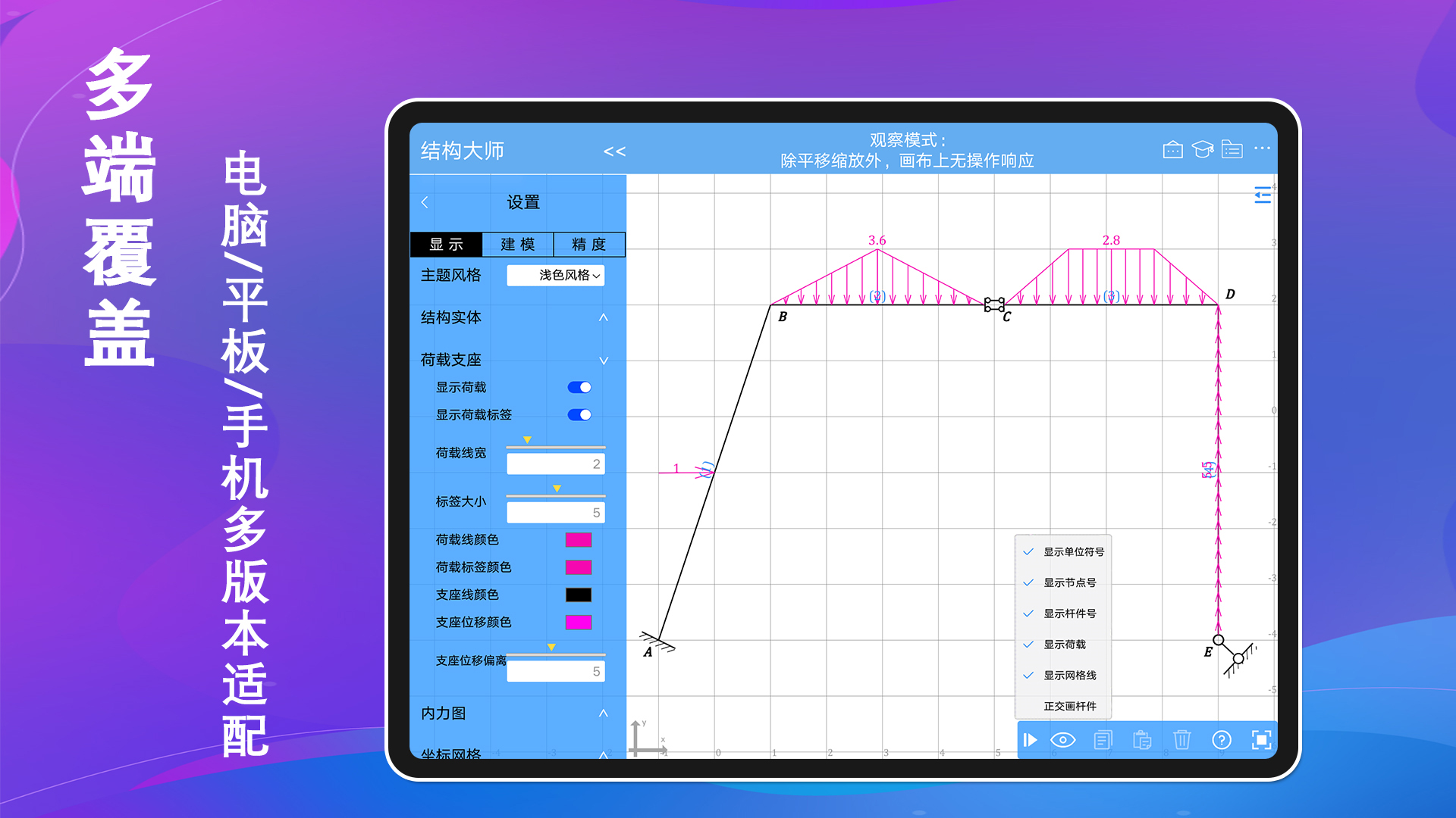1. 支持多种结构类型建模,涵盖静定与超静定结构分析
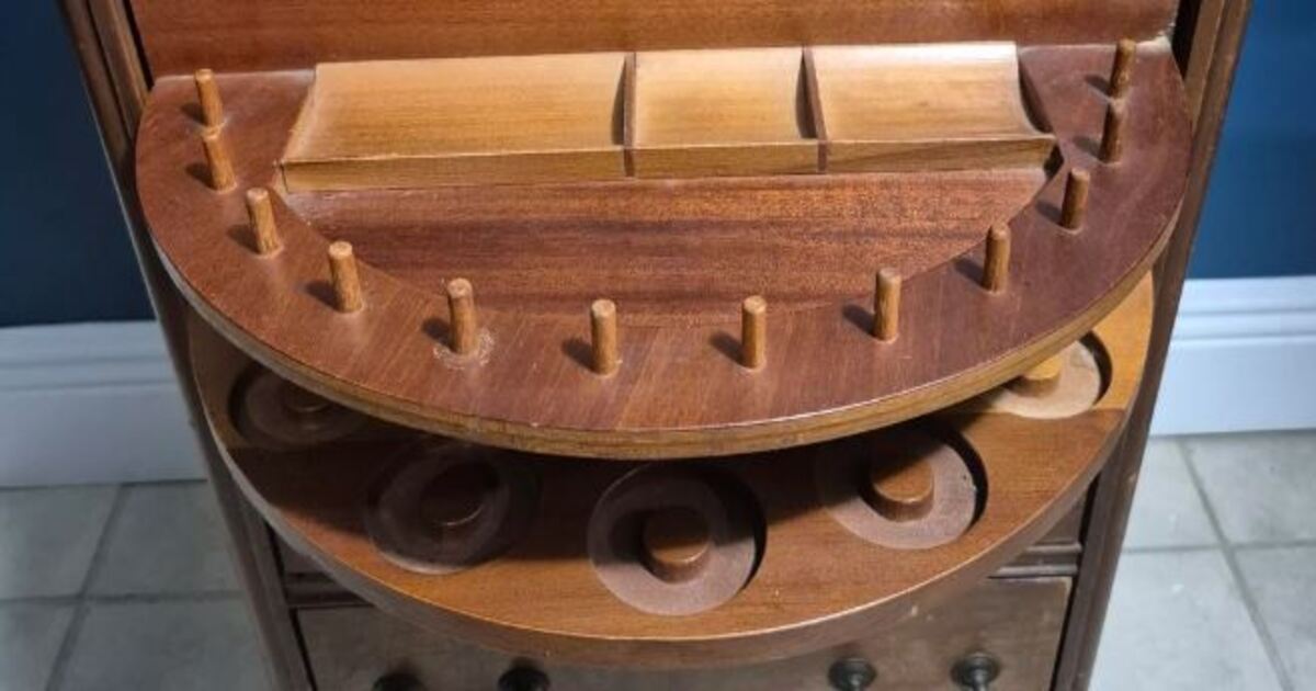 Revolving shelves that have wood pegs for thread spools — because, like, I mean what, let’s even just be real, which it is so good and right that have ev-ery-thing is stand up in same row like this. It’s all thanks to the design of the vintage sewing cabinet.
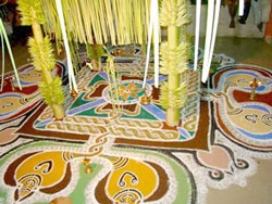 Is the song of Bhagavathi of the Goddess, performed by the Brahmin castes of Kerala, praying for the girls to be married off without delays and obstruction. In the past Namboodiri girls were excommunicated if they eloped with or had an affair with non-Brahmins. The performance is under a canopied roof of cloths and leaves. The ground is decorated in the shape of the temple and the priest chants with the Brahmins singing to the accompaniment of instruments. One woman from the ex-communicated group called 'Pushpakas' will be seated under the canopy who will get into a frenzied trance as the singing and praying continue.
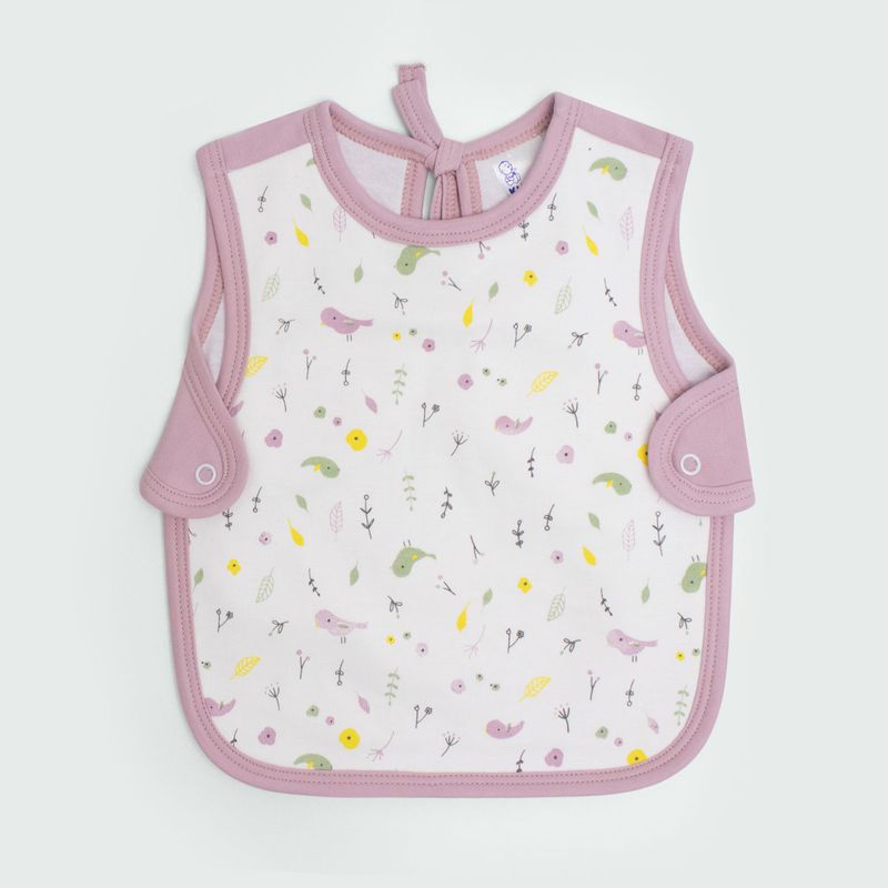 Babero estampado c plastico amiguitos confeccionado en material algodon pima. Disponible en colores vibrantes como rosado, rosa, morado, celeste, verde, beige. Talla: STD.
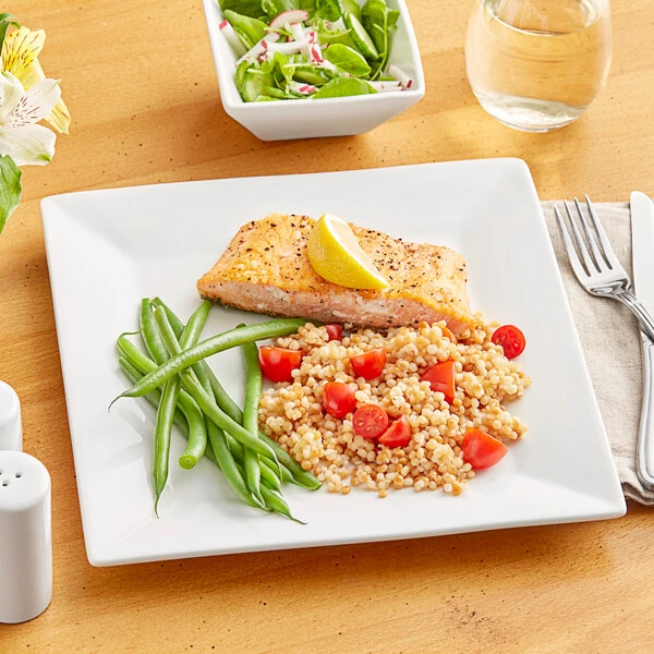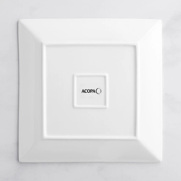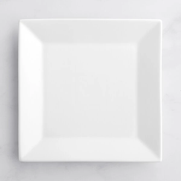For a trendy departure from traditional dinnerware, serve your menu items on this stunning Acopa 10" square bright white porcelain plate! This plate combines simplicity and style to add elegance to your tabletop. Its chic, 10" square design is great for serving main entrees and shared platters, while the crisp, bright white color enhances any style or color of table linens, dinnerware accessories, or table settings.
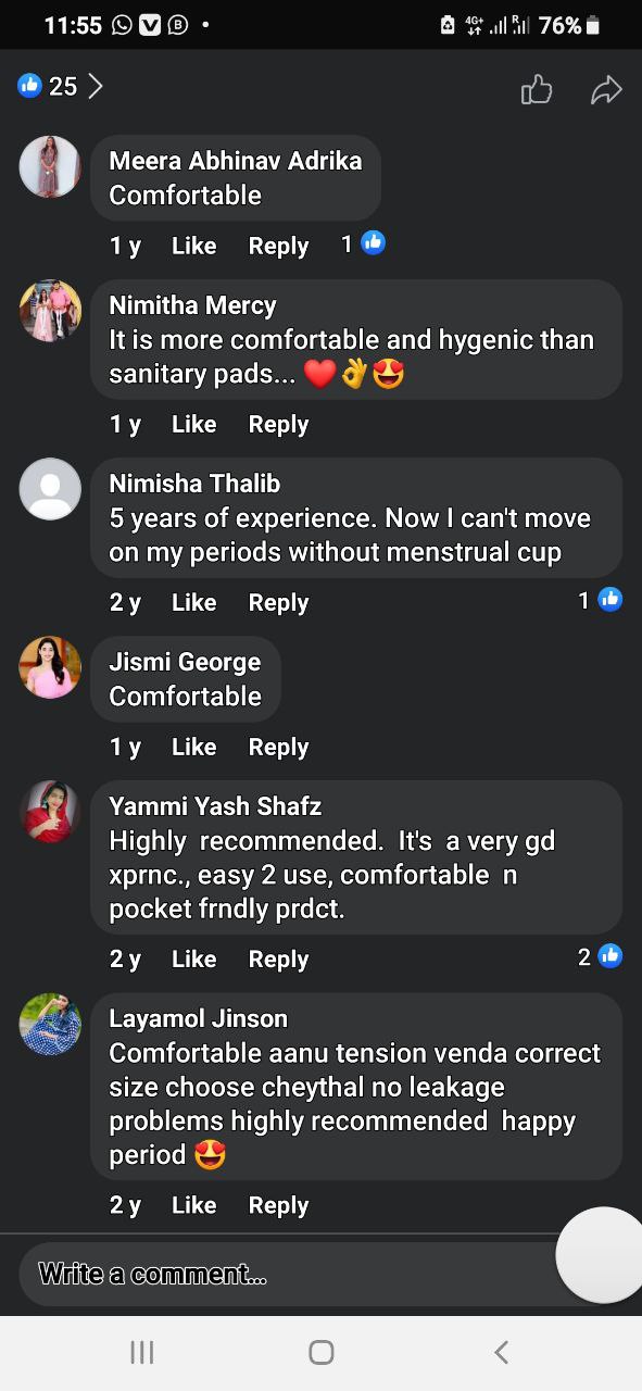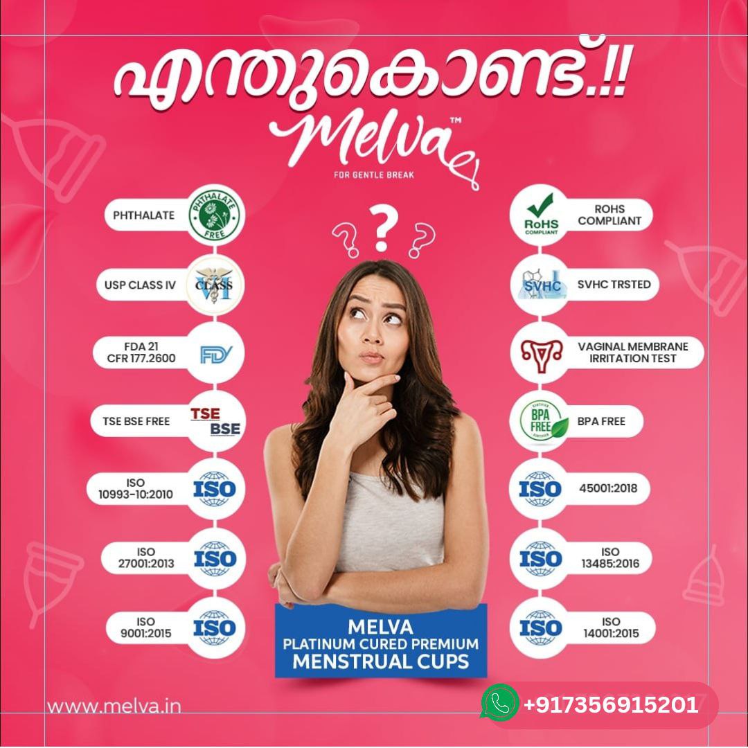 മെൽവയിലേക്ക് മാറണംനിങ്ങൾ എന്തുകൊണ്ട്? മെൽവ, 100% മെഡിക്കൽ ഗ്രേഡ് ലിക്വിഡ് സിലിക്കൺ അടങ്ങിയ പ്രീമിയം മെൻസ്ട്രൽ കപ്പാണ്, അത് വളരെ മൃദുവും പ്ലാറ്റിനം ഭേദമാക്കുന്നു. MELVA നിറമില്ലാത്തതും, മണമില്ലാത്തതും, ചൊറിച്ചിൽ ഇല്ലാത്തതും, ചുണങ്ങില്ലാത്തതും, രാസ രഹിതവുമാണ്. എന്തുകൊണ്ട് മെൽവ ഏറ്റവും സുരക്ഷിതമായ ആർത്തവ കപ്പായി മാറുന്നു..
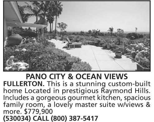 PANO CITY & OCEAN VIEWS FULLERTON. This is a stunning custom-built home Located in prestigious Raymond Hills. Includes a gorgeous gourmet kitchen, spacious family room, a lovely master suite w/views & more. $779,900 (530034) CALL (800) 387-5417
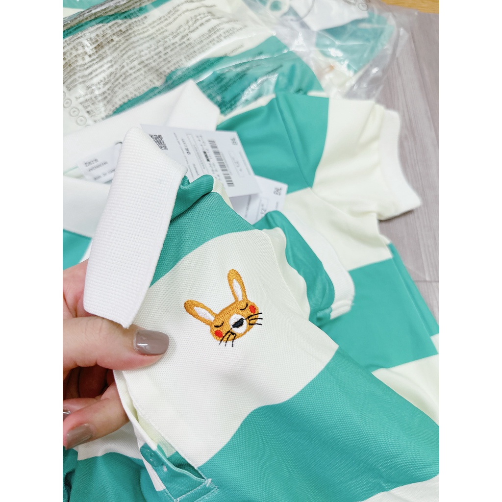 ✨BÁN SỈ✨Đầm polo VNXK trẻ em kẻ ngang xanh hoạ tiết thêu
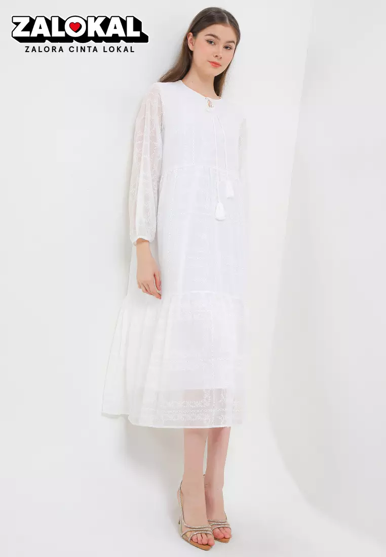 3 Tier Emb Chiffon Long Dress W/ Tassels
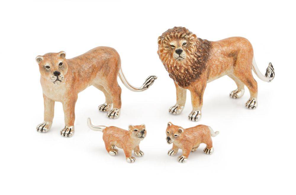 Saturno sterling silver and enamel small Lion cub, this Lion cub is the one at the front left hand side of the image. The Lion cub is 20mm high. This figurine has been beautifully made in sterling silver and hand enamelled. Then the animals are lacqured to help prevent tarnishing.

**What the task asks**
From start to finish, output the listing exactly, but omit its pictures.

**Exercise output**
1. 支持多种结构类型建模,涵盖静定与超静定结构分析
 Revolving shelves that have wood pegs for thread spools — because, like, I mean what, let’s even just be real, which it is so good and right that have ev-ery-thing is stand up in same row like this. It’s all thanks to the design of the vintage sewing cabinet.
 Is the song of Bhagavathi of the Goddess, performed by the Brahmin castes of Kerala, praying for the girls to be married off without delays and obstruction. In the past Namboodiri girls were excommunicated if they eloped with or had an affair with non-Brahmins. The performance is under a canopied roof of cloths and leaves. The ground is decorated in the shape of the temple and the priest chants with the Brahmins singing to the accompaniment of instruments. One woman from the ex-communicated group called 'Pushpakas' will be seated under the canopy who will get into a frenzied trance as the singing and praying continue.
 Babero estampado c plastico amiguitos confeccionado en material algodon pima. Disponible en colores vibrantes como rosado, rosa, morado, celeste, verde, beige. Talla: STD.
For a trendy departure from traditional dinnerware, serve your menu items on this stunning Acopa 10" square bright white porcelain plate! This plate combines simplicity and style to add elegance to your tabletop. Its chic, 10" square design is great for serving main entrees and shared platters, while the crisp, bright white color enhances any style or color of table linens, dinnerware accessories, or table settings.
 മെൽവയിലേക്ക് മാറണംനിങ്ങൾ എന്തുകൊണ്ട്? മെൽവ, 100% മെഡിക്കൽ ഗ്രേഡ് ലിക്വിഡ് സിലിക്കൺ അടങ്ങിയ പ്രീമിയം മെൻസ്ട്രൽ കപ്പാണ്, അത് വളരെ മൃദുവും പ്ലാറ്റിനം ഭേദമാക്കുന്നു. MELVA നിറമില്ലാത്തതും, മണമില്ലാത്തതും, ചൊറിച്ചിൽ ഇല്ലാത്തതും, ചുണങ്ങില്ലാത്തതും, രാസ രഹിതവുമാണ്. എന്തുകൊണ്ട് മെൽവ ഏറ്റവും സുരക്ഷിതമായ ആർത്തവ കപ്പായി മാറുന്നു..
 PANO CITY & OCEAN VIEWS FULLERTON. This is a stunning custom-built home Located in prestigious Raymond Hills. Includes a gorgeous gourmet kitchen, spacious family room, a lovely master suite w/views & more. $779,900 (530034) CALL (800) 387-5417
 ✨BÁN SỈ✨Đầm polo VNXK trẻ em kẻ ngang xanh hoạ tiết thêu
 3 Tier Emb Chiffon Long Dress W/ Tassels
 Saturno sterling silver and enamel small Lion cub, this Lion cub is the one at the front left hand side of the image. The Lion cub is 20mm high. This figurine has been beautifully made in sterling silver and hand enamelled. Then the animals are lacqured to help prevent tarnishing.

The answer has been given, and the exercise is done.